Court's Decision and Reasoning

The Court framed the issue presented as one of valuation: is life insurance that funds a buy-sell Agreement a corporate asset? Unanimously, the Court said yes. The Court reached this conclusion by reasoning that the redemption was not a liability that reduced corporate value. The Court held that life insurance was a corporate asset since no willing buyer or willing seller would pay a depressed value when Crown C Supply had an influx of cash from life insurance proceeds. Therefore, because the life insurance proceeds were payable to the corporation, the Court held that life insurance proceeds were a corporate asset that increased the corporation value of Crown C Supply.

Consequences of Connelly

It is very common in closely held corporations in order to provide for orderly succession to plan for the death of a shareholder to maintain control within a family or those who are active in the business. The parties together with the corporation typically enter into a buy/sell agreement to address that contingency with many cases as in Connelly the corporation being obligated to purchase the deceased's shares through a redemption buy/sell agreement to avoid economic hardship including sale of the businesses or critical operating assets to fund that obligation, life insurance is used as a funding mechanism to address the obligation.

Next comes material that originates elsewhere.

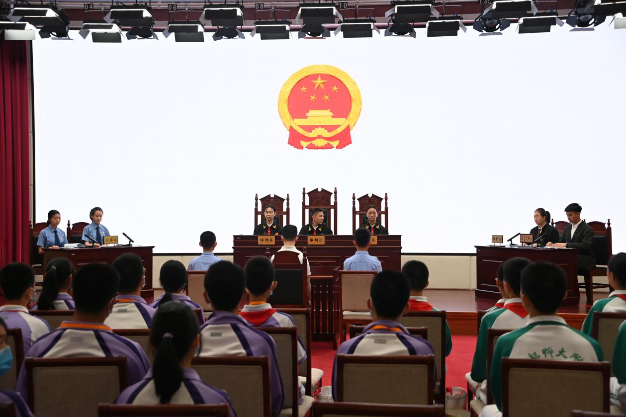 開放日活動(dòng)的最后一個(gè)環(huán)節(jié)是設(shè)立小型模擬法庭,互動(dòng)式體驗(yàn)法治教育。在模擬法庭中,首都師范大學(xué)附屬中學(xué)的學(xué)生周詳森和孫鈺桐分別擔(dān)任審判長(zhǎng)和公訴人,他們穿上制服,走進(jìn)法庭,有條不紊、嚴(yán)謹(jǐn)規(guī)范地開啟了“沉浸式”體驗(yàn)。

Connelly raises two key issues with life insurance funded by buy/sell agreements: corporations with existing life insurance arrangements, and prospective planning. First, all buy/sell agreements should be reviewed. Before taking any precipitous action consider if the current agreement is appropriate and if not consider the consequences of the buy/sell agreement. For example, if businesses transfer life insurance policies, the transfer for value rules may apply to curtail the tax-free receipt of life insurance proceeds. Future arrangements involving life insurance could include a cross-purchase arrangement, or potentially a special purpose life insurance LLC. All these options for existing and future arrangements require intricate planning. Further, while Connelly may seem to have the biggest impact on life insurance funded redemption agreements with individuals who have taxable estates, all closely held businesses with life insurance funded redemption agreements are affected by Connelly.

The content of this article is intended to provide a general guide to the subject matter. Specialist advice should be sought about your specific circumstances.